The realm of dreams is said to be “a place with no consequence,” but as it is produced in a film with no obvious creative direction, it ends up being more mysterious than enchanting. Momoa’s Flip, who lives in the dream realm and, with his horns and hat, resembles an unholy cross of the Mad Hatter, the Ghost of Christmas Present, and a refugee from the island of Dr.
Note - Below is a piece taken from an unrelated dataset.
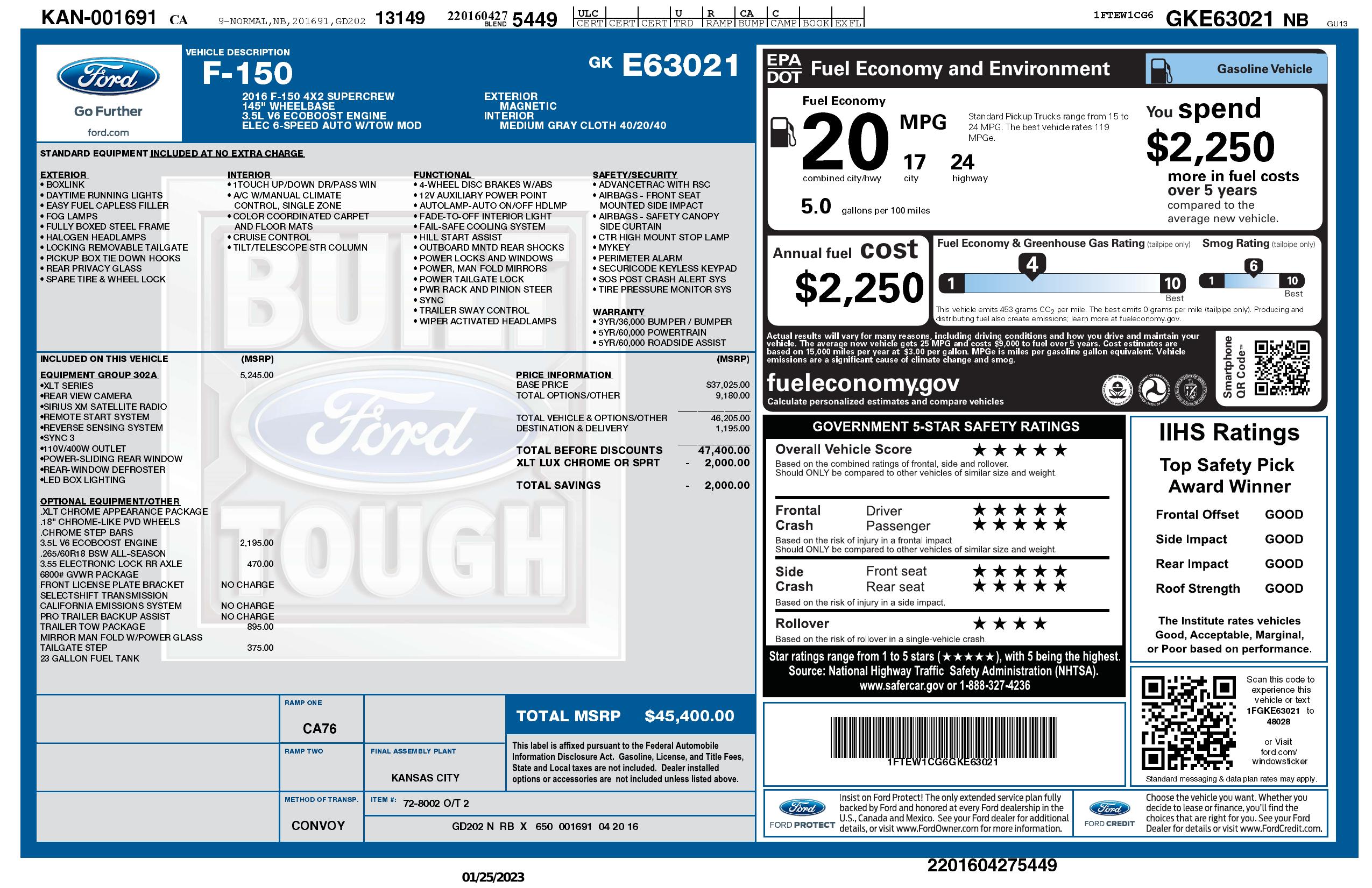 2016 Ford F 150 2 Wd Super Crew Xlt

Moreau, is an alternately hilarious and sentimental embodiment of the former drive.

In search of a priceless item, Nemo and Flip go on a series of adventures in the hope that she will someway be able to visit her father by traveling through other people’s dreams. They come into conflict with the Bureau of Subconscious Activities along the way, a bizarre bureaucracy that views Flip as an outlaw. The general conceit of “Slumberland” is similar to the classic movie “Time Bandits,” although Netflix has already staked a lot on dreams with “The Sandman.” However, any comparison mainly just highlights how difficult it is to pull off that balance of whimsy and irreverence, and how glaringly “Slumberland” fails to do so.

First and foremost, it’s unclear who “Slumberland” is aimed at, outside Momoa aficionados and a younger audience who may be sufficiently jaded by videogames to be mesmerized by the imaginative production design and unconcerned by the thinness of the plot.

Streaming providers are undoubtedly mesmerized by the star power’s marketing potential, and Momoa, who last year starred with another young girl in the drab “Sweet Girl” as well as the earlier series “Frontier,” as always delivers a potent dose of it. However, given the bizarre surroundings of “Slumberland,” which, as amusement park names go, doesn’t even qualify as a good place to visit, those qualities seem wasted.